## Hahn-Banach theorem

I’m pleased to say that I find the derivation of the Hahn-Banach theorem pretty straightforward by now. Let me first state it, for the real case.

Hahn-Banach theorem: Let $V$ be a real vector space. Let $p: V \to \mathbb{R}$ be sublinear. If $f : U \to \mathbb{R}$ be a linear functional on the subspace $U \subset V$ with $f(x) \leq p(x)$ for $x \in U$, then there exists a linear extension of $f$ to all of $V$ (call it $g$) such that $f(x) \leq g(x)$ for $x \in V$ with $f(x) = g(x)$ for $x \in U$ and $g(x) \leq p(x)$ for all $x \in V$.

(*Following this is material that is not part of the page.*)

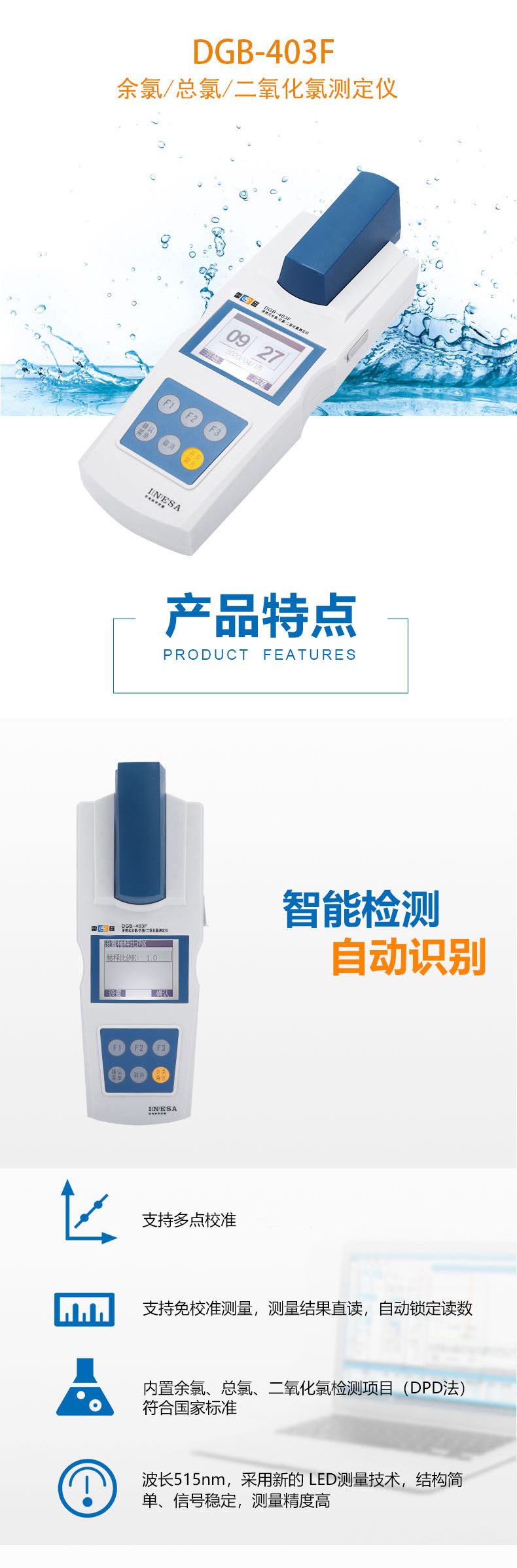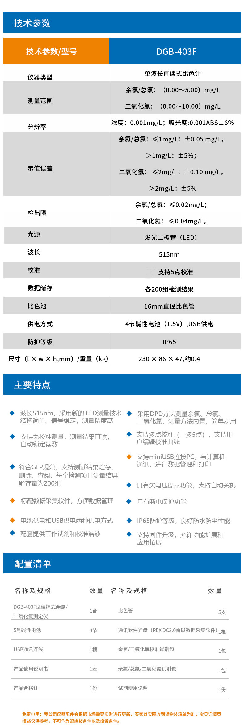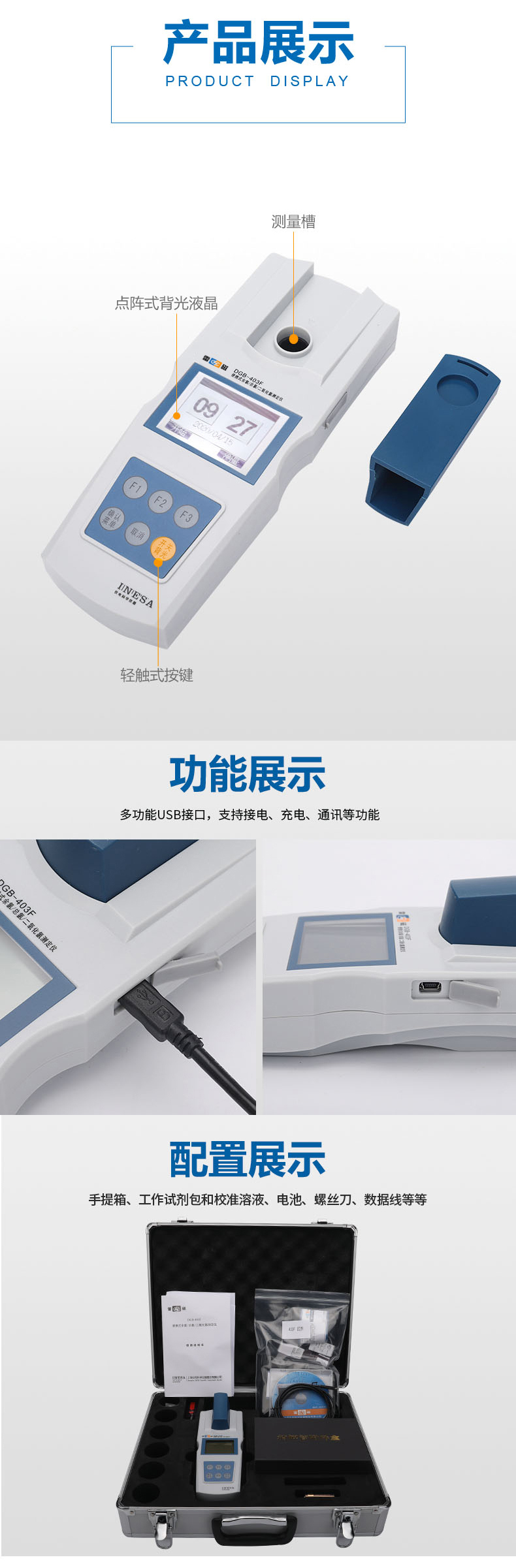 雷磁(leici)水質(zhì)分析儀DGB-403F型便攜式余氯二氧化氯測(cè)定儀標(biāo)配套裝

To show this, start by taking any $x_0 \in V \setminus U$. We wish to assign some $\alpha$ to $x_0$ that keeps $p$ as the dominating function in the vector space $U + \mathbb{R}x_0$. For this to happen, applying the linearity of $f$ and the domination constraint, we can derive

$\frac{f(y) - p(y - \lambda x_0)}{\lambda} \leq \alpha \leq \frac{p(y+\lambda x_0) - f(y)}{\lambda}, \quad y \in U, \lambda > 0$.

This reduces to

$\sup_{y \in U} p(y+x_0) - f(y) \leq \inf_{y \in U} f(y) - p(y-x_0)$.

Such can be proven via

$f(y_1) + f(y_2) = f(y_1 + y_2) \leq p(y_1 + y_2) \leq p(y_1 - x_0) +p(y_2 + x_0), \quad y_1, y_2 \in U$.

Now take the space of linear functionals defined on some specific subspace dominated by $p$. Denote an element of it as $(f, U)$. We introduce a partial order wherein $(f, U) \leq (f', U')$ iff $f(x) = f'(x)$ for $x \in U$ and $U \subset U'$. We can apply Zorn’s lemma on this, as we can take the union to derive an upper bound for any chain. Any maximal element is necessarily $(g, V)$ as if the domain is not the entire vector space, we can by above construct a larger element.